= Beginning of Section =

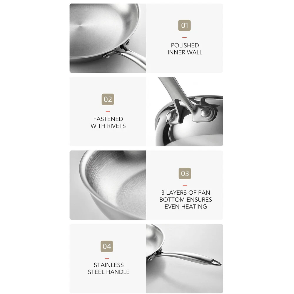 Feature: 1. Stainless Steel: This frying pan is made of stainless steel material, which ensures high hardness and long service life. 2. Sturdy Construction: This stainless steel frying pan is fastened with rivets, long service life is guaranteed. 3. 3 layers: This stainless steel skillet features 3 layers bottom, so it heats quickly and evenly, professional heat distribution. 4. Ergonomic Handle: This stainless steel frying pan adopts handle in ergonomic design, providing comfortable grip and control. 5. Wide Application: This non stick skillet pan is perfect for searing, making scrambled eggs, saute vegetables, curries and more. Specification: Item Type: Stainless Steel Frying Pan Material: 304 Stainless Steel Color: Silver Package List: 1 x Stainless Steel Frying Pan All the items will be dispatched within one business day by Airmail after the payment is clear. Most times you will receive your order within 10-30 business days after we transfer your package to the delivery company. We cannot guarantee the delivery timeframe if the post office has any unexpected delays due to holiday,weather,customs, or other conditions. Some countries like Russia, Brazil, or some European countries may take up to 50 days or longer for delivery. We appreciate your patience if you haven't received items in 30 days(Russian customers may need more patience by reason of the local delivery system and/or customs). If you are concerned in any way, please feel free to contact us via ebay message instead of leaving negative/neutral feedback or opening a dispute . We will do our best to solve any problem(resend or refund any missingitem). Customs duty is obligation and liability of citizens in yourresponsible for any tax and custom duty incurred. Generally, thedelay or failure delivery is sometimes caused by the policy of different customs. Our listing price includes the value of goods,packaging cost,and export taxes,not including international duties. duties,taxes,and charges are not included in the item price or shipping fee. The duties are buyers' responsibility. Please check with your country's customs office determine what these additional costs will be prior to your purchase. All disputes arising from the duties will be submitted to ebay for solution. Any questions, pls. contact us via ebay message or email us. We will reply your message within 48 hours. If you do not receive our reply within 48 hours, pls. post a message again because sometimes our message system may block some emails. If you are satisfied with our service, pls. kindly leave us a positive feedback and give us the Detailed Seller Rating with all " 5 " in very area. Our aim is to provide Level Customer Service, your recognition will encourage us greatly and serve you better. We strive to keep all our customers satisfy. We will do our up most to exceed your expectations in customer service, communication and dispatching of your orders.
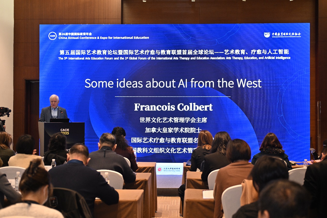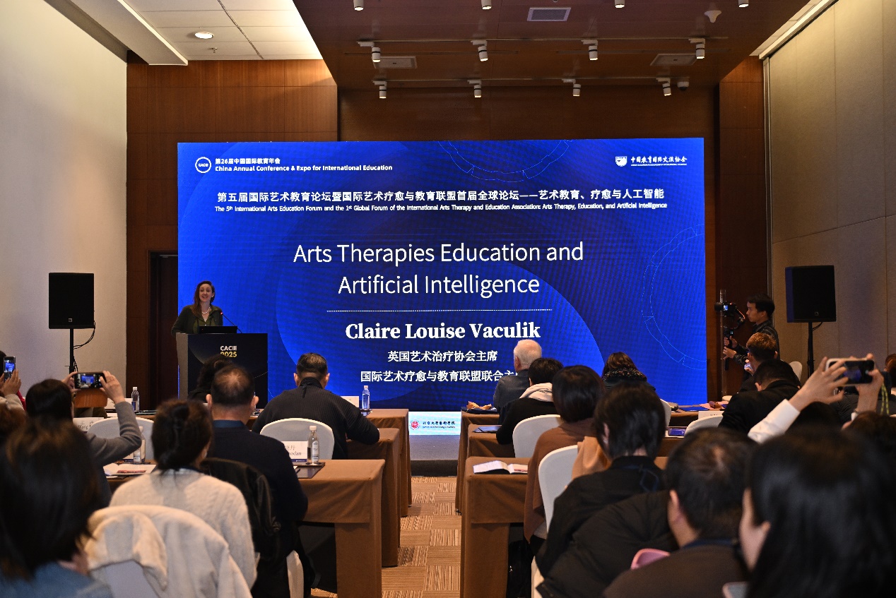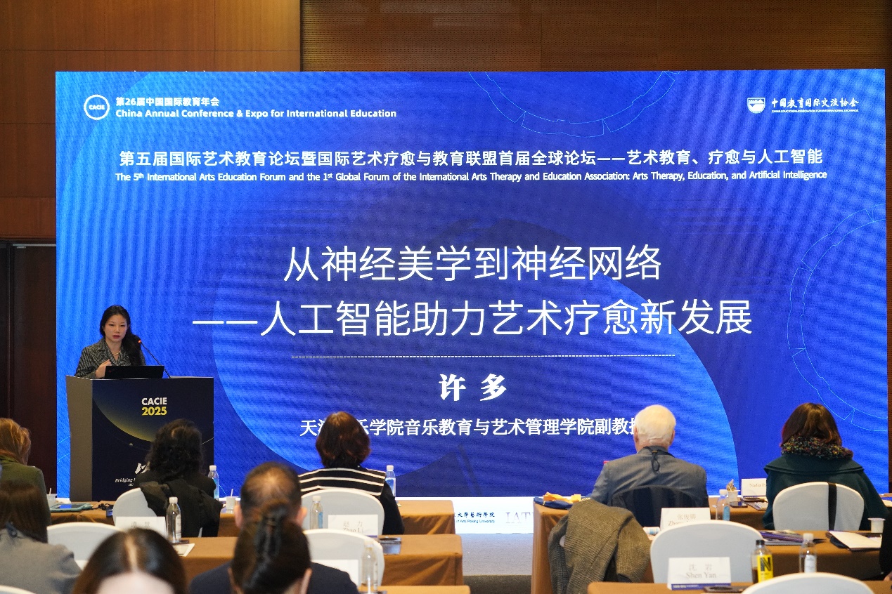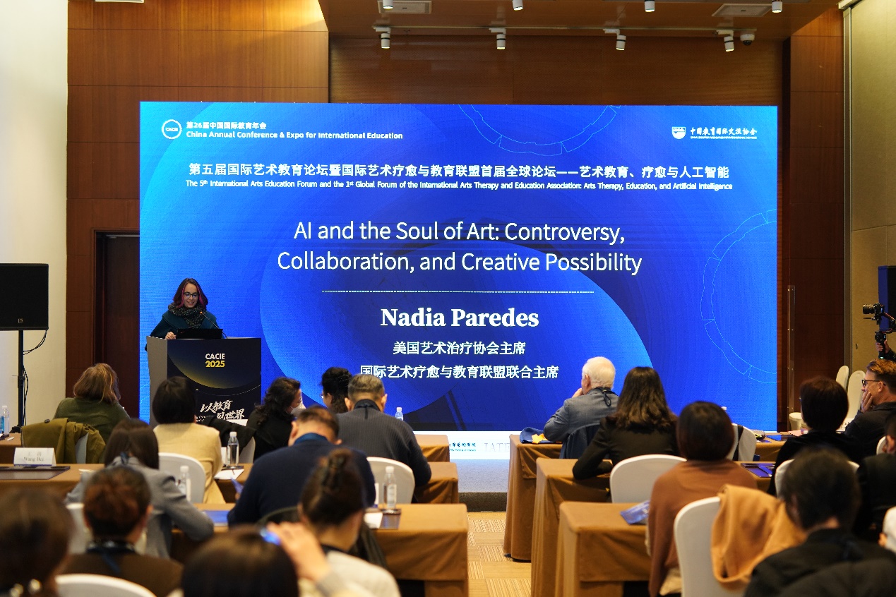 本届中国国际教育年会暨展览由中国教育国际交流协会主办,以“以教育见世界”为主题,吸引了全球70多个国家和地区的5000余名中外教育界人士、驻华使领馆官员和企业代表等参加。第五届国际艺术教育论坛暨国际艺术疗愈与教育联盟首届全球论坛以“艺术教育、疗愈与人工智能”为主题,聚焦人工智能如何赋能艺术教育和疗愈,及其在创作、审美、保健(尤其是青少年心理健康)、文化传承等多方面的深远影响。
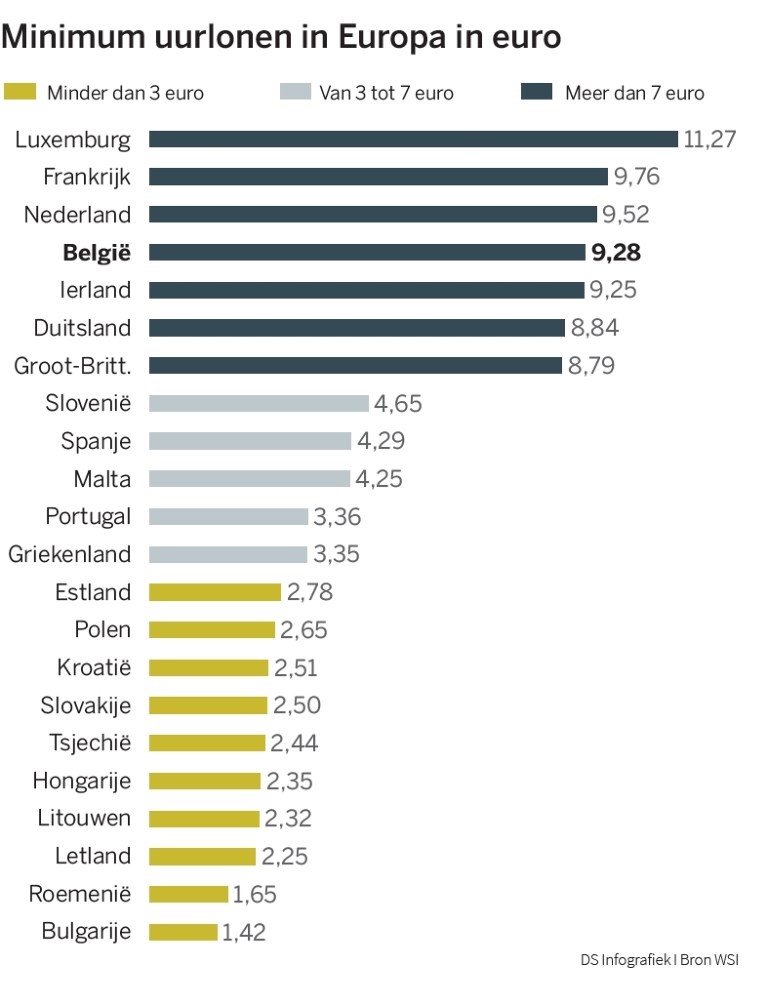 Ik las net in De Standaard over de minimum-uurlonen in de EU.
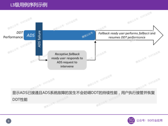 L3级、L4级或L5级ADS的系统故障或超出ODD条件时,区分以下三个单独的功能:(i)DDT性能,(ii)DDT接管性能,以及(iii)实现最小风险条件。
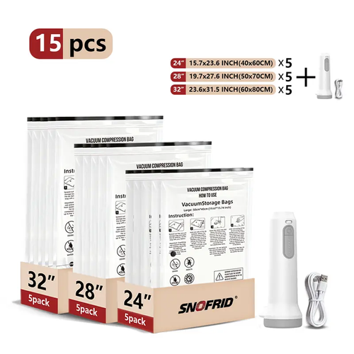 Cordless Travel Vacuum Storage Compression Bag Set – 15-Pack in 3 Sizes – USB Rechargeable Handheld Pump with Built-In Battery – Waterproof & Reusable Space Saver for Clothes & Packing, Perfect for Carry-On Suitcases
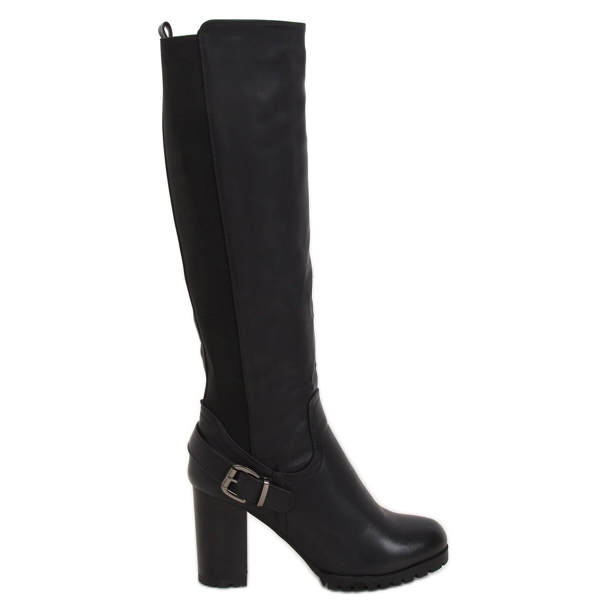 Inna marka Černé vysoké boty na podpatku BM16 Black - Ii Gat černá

= End of Section =
= Beginning of Section =

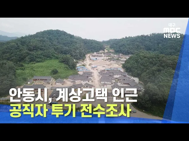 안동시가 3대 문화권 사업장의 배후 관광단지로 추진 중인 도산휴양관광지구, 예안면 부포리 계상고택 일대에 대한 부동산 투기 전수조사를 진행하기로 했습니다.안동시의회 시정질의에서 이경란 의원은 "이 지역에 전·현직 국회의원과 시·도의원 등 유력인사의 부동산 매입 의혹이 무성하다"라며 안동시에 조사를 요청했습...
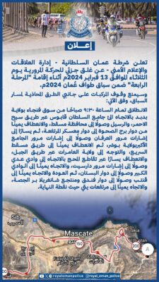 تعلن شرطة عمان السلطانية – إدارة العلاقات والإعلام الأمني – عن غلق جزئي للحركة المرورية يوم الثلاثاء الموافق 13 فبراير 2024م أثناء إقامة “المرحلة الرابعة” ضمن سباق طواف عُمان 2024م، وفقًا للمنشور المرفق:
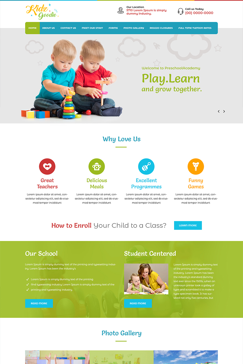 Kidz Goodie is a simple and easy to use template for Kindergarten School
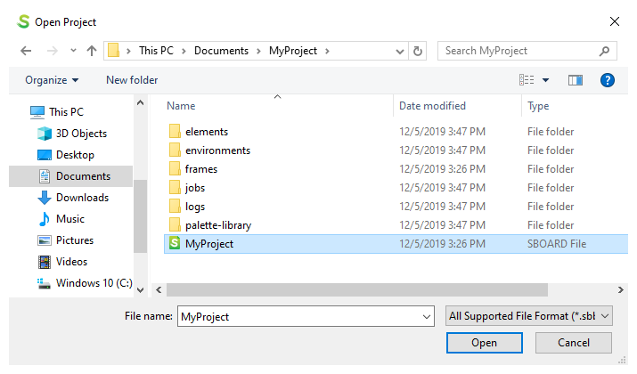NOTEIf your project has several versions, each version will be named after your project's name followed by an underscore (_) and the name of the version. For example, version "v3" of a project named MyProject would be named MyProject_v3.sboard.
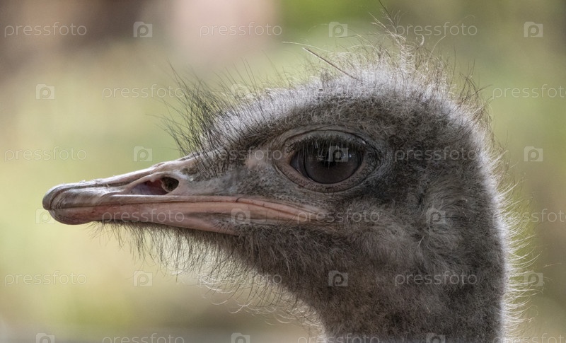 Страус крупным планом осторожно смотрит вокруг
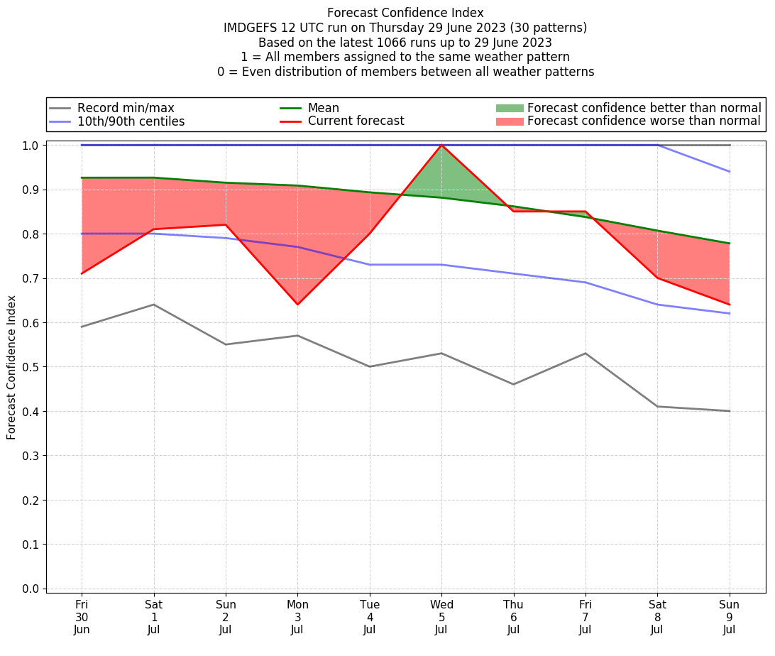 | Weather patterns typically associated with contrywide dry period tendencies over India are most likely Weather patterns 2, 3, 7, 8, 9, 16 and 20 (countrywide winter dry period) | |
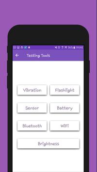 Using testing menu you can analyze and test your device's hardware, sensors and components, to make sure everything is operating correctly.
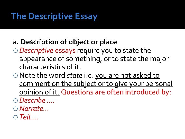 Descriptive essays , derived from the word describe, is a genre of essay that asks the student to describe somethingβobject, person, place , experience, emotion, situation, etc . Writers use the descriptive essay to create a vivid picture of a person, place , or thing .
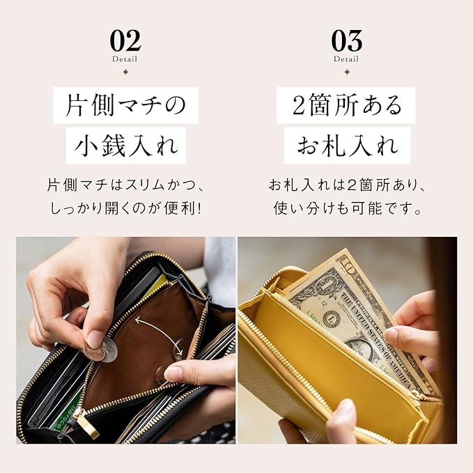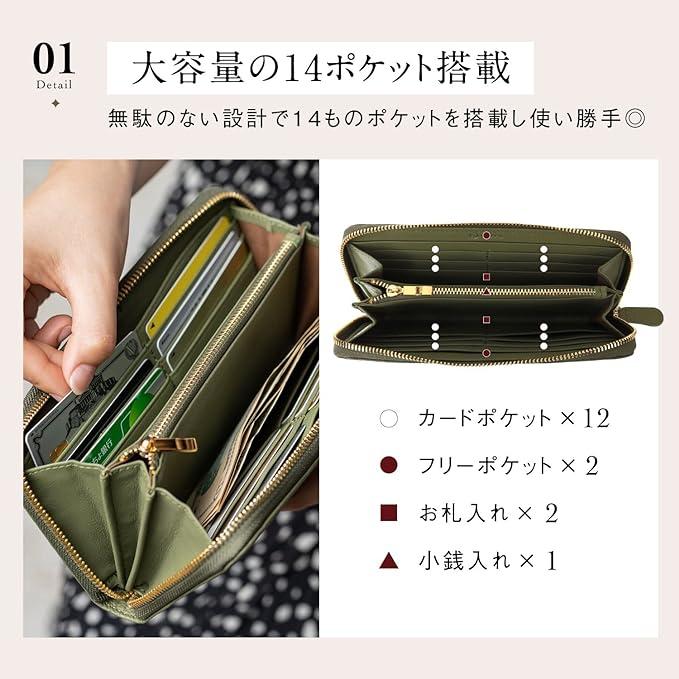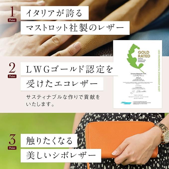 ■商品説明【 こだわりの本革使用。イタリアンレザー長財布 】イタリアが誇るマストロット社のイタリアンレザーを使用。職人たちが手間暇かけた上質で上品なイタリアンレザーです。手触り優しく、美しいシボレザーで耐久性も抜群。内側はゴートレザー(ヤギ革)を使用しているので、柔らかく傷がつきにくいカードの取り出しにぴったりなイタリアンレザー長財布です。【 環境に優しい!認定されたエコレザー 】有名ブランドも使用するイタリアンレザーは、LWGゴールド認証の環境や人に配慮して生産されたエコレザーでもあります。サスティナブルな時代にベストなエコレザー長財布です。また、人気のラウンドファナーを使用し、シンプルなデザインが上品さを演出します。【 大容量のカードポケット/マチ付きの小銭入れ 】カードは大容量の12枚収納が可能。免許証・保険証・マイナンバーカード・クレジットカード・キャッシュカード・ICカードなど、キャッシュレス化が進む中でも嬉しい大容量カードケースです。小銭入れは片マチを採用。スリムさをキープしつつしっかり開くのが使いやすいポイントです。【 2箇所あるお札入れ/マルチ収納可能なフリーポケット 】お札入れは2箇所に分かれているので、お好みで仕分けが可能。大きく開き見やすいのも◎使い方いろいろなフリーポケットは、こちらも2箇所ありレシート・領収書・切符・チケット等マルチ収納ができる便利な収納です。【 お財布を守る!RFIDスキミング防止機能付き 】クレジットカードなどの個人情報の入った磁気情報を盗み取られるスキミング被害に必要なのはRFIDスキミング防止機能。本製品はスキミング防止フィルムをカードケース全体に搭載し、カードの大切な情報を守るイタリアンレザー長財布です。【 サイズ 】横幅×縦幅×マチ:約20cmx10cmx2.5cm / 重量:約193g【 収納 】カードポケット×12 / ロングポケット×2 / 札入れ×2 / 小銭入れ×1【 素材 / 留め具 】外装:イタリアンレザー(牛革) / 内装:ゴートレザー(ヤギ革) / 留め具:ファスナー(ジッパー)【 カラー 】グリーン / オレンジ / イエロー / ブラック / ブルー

= End of Section =

In the entries above, find the line that contains "L3级、L4级或L5级ADS" and the line that contains "Inna marka Černé". Reproduce exactly those two lines and every line between them, but not the pictures.

 L3级、L4级或L5级ADS的系统故障或超出ODD条件时,区分以下三个单独的功能:(i)DDT性能,(ii)DDT接管性能,以及(iii)实现最小风险条件。
 Cordless Travel Vacuum Storage Compression Bag Set – 15-Pack in 3 Sizes – USB Rechargeable Handheld Pump with Built-In Battery – Waterproof & Reusable Space Saver for Clothes & Packing, Perfect for Carry-On Suitcases
 Inna marka Černé vysoké boty na podpatku BM16 Black - Ii Gat černá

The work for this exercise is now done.